Description of the task
The answer is to be an exact copy of the lines below running from the line with "DOLMAN SLEEVE W/ ROLL UP TAB TOP JUMPSUIT" down to the line with "เช้านี้ที่หมอชิต - รถเก๋งจะเลี้ยวเข้าหมู่บ้าน", both ends included, and nothing more.

Data supplied
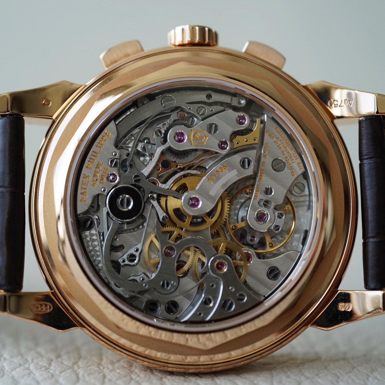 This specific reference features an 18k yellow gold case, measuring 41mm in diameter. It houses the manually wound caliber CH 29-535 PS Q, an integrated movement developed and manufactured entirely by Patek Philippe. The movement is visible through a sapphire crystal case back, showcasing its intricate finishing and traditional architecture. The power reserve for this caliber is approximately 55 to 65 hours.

==

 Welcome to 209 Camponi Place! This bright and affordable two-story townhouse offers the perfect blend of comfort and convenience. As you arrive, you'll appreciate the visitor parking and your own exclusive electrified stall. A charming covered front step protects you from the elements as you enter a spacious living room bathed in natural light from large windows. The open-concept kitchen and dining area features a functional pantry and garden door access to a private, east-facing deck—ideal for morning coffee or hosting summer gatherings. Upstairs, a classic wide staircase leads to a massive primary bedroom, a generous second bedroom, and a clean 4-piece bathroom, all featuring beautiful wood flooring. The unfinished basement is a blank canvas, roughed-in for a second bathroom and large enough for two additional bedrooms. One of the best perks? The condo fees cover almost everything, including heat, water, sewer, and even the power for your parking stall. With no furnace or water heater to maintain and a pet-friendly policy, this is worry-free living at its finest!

...

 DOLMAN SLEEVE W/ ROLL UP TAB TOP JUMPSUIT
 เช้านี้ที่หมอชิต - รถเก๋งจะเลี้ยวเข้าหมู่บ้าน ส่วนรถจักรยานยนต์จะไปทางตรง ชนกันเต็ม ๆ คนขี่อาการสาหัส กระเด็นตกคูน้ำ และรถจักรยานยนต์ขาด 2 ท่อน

Solution to this problem
 DOLMAN SLEEVE W/ ROLL UP TAB TOP JUMPSUIT
 เช้านี้ที่หมอชิต - รถเก๋งจะเลี้ยวเข้าหมู่บ้าน ส่วนรถจักรยานยนต์จะไปทางตรง ชนกันเต็ม ๆ คนขี่อาการสาหัส กระเด็นตกคูน้ำ และรถจักรยานยนต์ขาด 2 ท่อน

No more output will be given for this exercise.